# 4" or 6" Jack Plate



## Jared T. (Apr 13, 2014)

I am at a crossroads as to which to get. What are the pros and cons versus 4" and 6"? Will I get cleaner water further back? Can I run my motor higher with it further back? With it back further how will it affect the squat? It will be going on a Johnsen skiff with sponsens.


----------



## yobata (Jul 14, 2015)

I haven't seen any new photos of your boat, please post some. Always thought it was very cool that you were able to add sponsons!


----------



## Smackdaddy53 (Dec 31, 2012)

It all depends on the boat and motor plus other factors. There is a balance you need to meet to make the combination function at maximum efficiency. Too far back (more setback) and you create a lever effect and the stern squats more at rest BUT you get the prop where the water column rises off the hull at a higher point depending on weight distribution.
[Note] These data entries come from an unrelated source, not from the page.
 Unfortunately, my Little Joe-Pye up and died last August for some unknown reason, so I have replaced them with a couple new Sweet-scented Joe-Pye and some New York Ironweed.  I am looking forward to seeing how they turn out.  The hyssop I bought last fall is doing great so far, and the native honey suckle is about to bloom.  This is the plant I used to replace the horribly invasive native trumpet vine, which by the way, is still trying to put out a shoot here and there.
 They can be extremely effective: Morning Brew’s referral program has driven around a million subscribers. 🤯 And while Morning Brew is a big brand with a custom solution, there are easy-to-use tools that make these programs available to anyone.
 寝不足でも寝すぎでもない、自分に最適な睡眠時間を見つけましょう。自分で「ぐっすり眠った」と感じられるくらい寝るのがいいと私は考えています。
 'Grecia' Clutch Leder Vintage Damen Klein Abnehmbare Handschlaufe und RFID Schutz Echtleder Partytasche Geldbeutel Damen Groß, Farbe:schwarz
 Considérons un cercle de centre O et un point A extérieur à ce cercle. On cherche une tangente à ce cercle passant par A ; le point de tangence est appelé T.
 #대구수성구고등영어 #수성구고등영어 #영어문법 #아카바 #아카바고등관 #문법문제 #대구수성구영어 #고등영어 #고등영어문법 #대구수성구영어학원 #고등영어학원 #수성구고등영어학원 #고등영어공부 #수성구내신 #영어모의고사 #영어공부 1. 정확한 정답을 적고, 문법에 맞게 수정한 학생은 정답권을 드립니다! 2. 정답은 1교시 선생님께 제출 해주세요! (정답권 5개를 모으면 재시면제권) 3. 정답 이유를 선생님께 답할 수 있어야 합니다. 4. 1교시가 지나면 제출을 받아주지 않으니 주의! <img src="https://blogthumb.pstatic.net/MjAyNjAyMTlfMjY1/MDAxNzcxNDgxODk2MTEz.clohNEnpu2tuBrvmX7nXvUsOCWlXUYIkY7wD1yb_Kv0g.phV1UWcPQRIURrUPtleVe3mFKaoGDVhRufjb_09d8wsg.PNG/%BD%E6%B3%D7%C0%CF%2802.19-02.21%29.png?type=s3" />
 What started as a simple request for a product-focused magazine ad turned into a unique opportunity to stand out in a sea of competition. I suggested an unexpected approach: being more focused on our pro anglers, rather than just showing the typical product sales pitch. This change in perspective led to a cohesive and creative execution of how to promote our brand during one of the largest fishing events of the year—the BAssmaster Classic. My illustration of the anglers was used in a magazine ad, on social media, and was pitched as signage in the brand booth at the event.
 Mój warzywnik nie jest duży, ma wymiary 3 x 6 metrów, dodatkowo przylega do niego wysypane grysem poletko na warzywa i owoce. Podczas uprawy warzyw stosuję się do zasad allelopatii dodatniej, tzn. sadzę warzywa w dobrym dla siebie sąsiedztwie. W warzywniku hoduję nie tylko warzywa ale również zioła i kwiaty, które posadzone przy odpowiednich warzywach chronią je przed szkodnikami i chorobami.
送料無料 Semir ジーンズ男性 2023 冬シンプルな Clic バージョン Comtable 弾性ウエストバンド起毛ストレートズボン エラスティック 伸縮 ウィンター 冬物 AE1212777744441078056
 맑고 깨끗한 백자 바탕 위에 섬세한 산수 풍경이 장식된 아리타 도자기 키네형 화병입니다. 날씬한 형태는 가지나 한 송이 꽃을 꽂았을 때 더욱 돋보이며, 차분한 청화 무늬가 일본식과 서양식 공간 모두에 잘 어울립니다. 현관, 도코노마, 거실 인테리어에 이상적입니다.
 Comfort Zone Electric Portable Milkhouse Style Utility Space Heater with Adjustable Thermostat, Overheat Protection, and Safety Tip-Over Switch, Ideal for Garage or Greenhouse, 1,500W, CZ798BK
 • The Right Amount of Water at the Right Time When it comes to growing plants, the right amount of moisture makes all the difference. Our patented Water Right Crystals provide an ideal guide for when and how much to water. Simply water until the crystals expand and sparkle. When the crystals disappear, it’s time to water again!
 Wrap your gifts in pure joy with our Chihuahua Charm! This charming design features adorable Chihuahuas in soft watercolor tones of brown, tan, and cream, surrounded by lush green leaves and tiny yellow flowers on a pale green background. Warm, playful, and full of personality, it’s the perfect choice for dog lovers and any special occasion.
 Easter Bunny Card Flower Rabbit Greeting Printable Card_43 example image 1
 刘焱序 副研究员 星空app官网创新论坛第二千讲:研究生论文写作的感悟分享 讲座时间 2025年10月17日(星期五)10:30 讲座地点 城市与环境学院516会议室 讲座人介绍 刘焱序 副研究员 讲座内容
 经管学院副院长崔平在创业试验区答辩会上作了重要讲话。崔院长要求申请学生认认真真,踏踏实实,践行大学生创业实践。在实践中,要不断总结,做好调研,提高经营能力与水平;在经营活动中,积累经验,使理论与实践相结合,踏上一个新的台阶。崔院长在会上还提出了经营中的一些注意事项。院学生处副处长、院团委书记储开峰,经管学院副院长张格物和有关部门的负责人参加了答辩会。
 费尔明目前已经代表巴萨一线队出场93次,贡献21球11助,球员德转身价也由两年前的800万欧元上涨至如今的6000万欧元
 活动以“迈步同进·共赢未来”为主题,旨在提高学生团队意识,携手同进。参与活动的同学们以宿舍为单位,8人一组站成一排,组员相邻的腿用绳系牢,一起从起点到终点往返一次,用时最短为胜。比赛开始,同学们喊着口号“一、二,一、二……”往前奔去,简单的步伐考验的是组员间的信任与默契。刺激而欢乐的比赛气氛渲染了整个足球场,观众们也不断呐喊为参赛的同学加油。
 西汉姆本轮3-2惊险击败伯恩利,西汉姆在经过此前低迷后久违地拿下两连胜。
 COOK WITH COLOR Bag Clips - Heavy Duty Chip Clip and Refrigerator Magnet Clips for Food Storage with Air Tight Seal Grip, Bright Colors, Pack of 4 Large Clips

Closer to the transom (less setback) keeps more weight forward and you jump on plane quicker as long as you aren't stern heavy. It has to be balanced and you can't get it right by guessing, only by testing the attitude of your weight distribution which changes your water column which changes where your prop needs to be to pick the water up without cavitating and create propulsion.


----------



## Capnredfish (Feb 1, 2012)

I would go with the 4. It's not a speed boat. But being a skiff you want less squat. Bad enough having to add the weight of JP. All this balancing will most likely require adding weight which will hurt speed. Nothing to move on my skiff. Tank is already up front. Maybe you can move things on yours.


----------



## Jared T. (Apr 13, 2014)

The gas tank, ~18 gallons, will be upfront with batteries. Technically the jack plate would 5.5" back. I think I will gain more by the 1.5" than the squat especially since I'm a tiny guy, 165lbs.


----------



## devrep (Feb 22, 2009)

On a skiff that size 4".


----------



## firecat1981 (Nov 27, 2007)

2" isn't going to get you into any significantly cleaner water. For example when Armstrong brackets does it's math they figure on .75" of water rise per 1ft of set back. So you would only get maybe another 1/8" to run the motor higher, but moving the heaviest static piece of equipment back a few inches will effect balance and draft.


----------



## No Bait / Lures Only (Apr 10, 2011)

I went with a Vance 4" on my Spear Glade X, did not get enough height an then added a 1/2" aluminum plate riser n 5/4" teak spacer. Then gained enough height to run my motor at peak rpm's.


----------